**What you should do**
Transcribe the listing exactly, leaving out every picture.

**Material provided**
*** Block opens ***

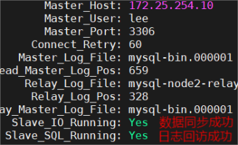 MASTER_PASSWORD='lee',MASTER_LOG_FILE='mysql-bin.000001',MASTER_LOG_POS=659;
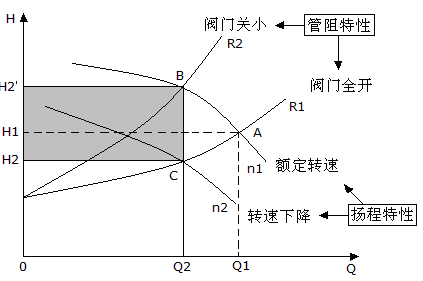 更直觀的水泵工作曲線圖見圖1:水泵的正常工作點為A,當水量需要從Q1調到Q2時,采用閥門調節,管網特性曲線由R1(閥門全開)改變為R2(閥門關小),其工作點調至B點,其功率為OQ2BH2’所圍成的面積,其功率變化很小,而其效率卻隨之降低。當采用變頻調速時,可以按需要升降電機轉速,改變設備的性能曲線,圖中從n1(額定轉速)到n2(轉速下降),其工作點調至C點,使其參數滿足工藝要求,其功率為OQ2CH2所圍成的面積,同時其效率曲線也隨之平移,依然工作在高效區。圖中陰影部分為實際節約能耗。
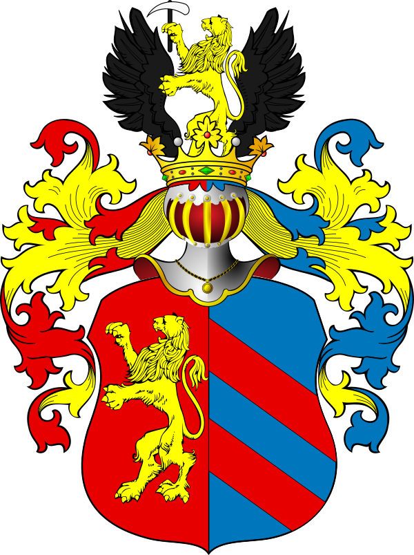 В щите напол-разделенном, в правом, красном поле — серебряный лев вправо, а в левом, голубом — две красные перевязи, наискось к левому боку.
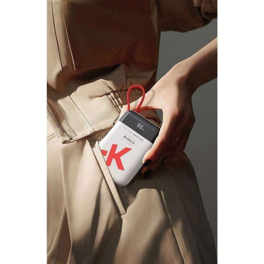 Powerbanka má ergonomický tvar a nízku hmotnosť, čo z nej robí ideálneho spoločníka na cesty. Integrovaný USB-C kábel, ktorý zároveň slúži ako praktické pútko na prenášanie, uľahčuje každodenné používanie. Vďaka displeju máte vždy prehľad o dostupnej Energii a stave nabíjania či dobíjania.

*** Block closes ***

**Response area**
 MASTER_PASSWORD='lee',MASTER_LOG_FILE='mysql-bin.000001',MASTER_LOG_POS=659;
 更直觀的水泵工作曲線圖見圖1:水泵的正常工作點為A,當水量需要從Q1調到Q2時,采用閥門調節,管網特性曲線由R1(閥門全開)改變為R2(閥門關小),其工作點調至B點,其功率為OQ2BH2’所圍成的面積,其功率變化很小,而其效率卻隨之降低。當采用變頻調速時,可以按需要升降電機轉速,改變設備的性能曲線,圖中從n1(額定轉速)到n2(轉速下降),其工作點調至C點,使其參數滿足工藝要求,其功率為OQ2CH2所圍成的面積,同時其效率曲線也隨之平移,依然工作在高效區。圖中陰影部分為實際節約能耗。
 В щите напол-разделенном, в правом, красном поле — серебряный лев вправо, а в левом, голубом — две красные перевязи, наискось к левому боку.
 Powerbanka má ergonomický tvar a nízku hmotnosť, čo z nej robí ideálneho spoločníka na cesty. Integrovaný USB-C kábel, ktorý zároveň slúži ako praktické pútko na prenášanie, uľahčuje každodenné používanie. Vďaka displeju máte vždy prehľad o dostupnej Energii a stave nabíjania či dobíjania.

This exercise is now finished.